Hero is a the debut novel of Australian author Belinda Crawford. Crawford has created a fast paced science fiction story, set in a unique world that many adults and teens are going to love.
The novel is set on the planet Jorn. Humans have colonised this planet only to discover that a pollen on the planet is toxic to them. The human population survives in cloud cities.
Hero Regan is a young girl who is “special” – a title that she loathes. She hears voices and has been treated all her life as if she were mentally ill and in need of medicating. Her mother keeps her away from the public and locked up on their estate with a bevy of minders.
As a young teen, Hero objects strenuously to this and does everything in her power to make the lives of her minders miserable and escape. It helps that she is a bit of technological genius and can hack into their equivalent of computers with ease.
When Hero finally convinces her mother to send her to school in Cumulus City, the real fun begins. She’s not been taking her meds, the voices she hears return with a vengeance and soon her odd behaviour makes her the brunt of bullies and brings her to the attention of some very dangerous people. Running for her life, Hero learns that she is part of an age old conspiracy begun by the founding colonists…
But I’m not going to give you spoilers! You’ll have to read it…

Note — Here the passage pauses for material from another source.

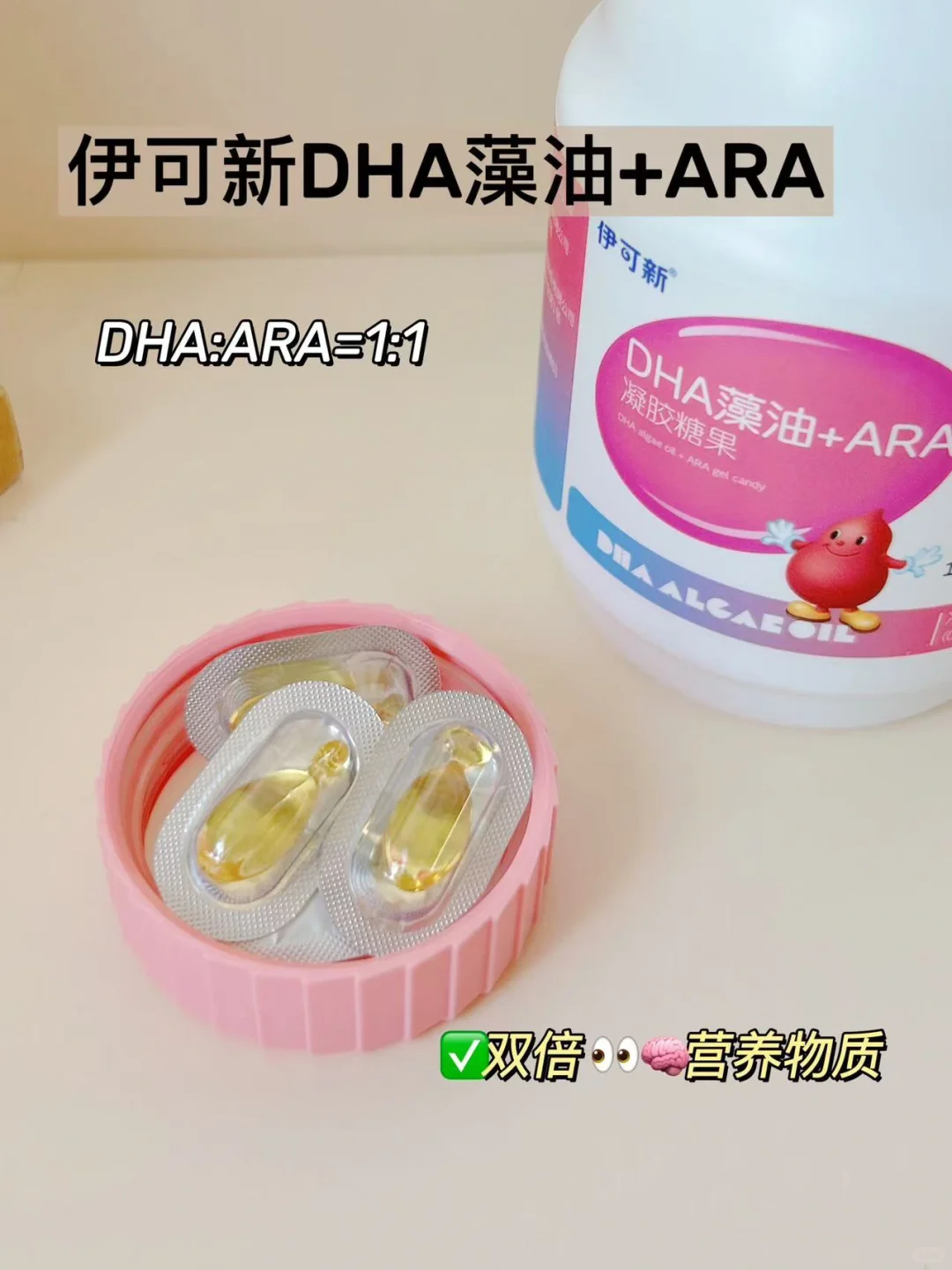 每一颗含DHA110mg,ARA110mg,1:1科学配比,藻油原料来自上市公司嘉必优,也是我选择它的重要因素‼️

In creating Hero, Crawford has tapped into a genuine teen voice. Hero’s character, her attitudes, comments and actions make her seem real and this is one of the things that immediately stuck me about the book. You’re not always going to like her and she has a lot to learn as the book progresses, but that’s part of making an interesting character.
Another of my favourite elements in Crawford’s novel is that of the companion / guardian animals. The settlers have genetically modified a lot of the flora and fauna to aid their survival and the children each have their own animal companion. Hero’s is a 600kg ruc-pard named Fink. Fink is perfect – alternating between consoling friend and ice cream eating buddy to deadly protector. (I want a ruc-pard!)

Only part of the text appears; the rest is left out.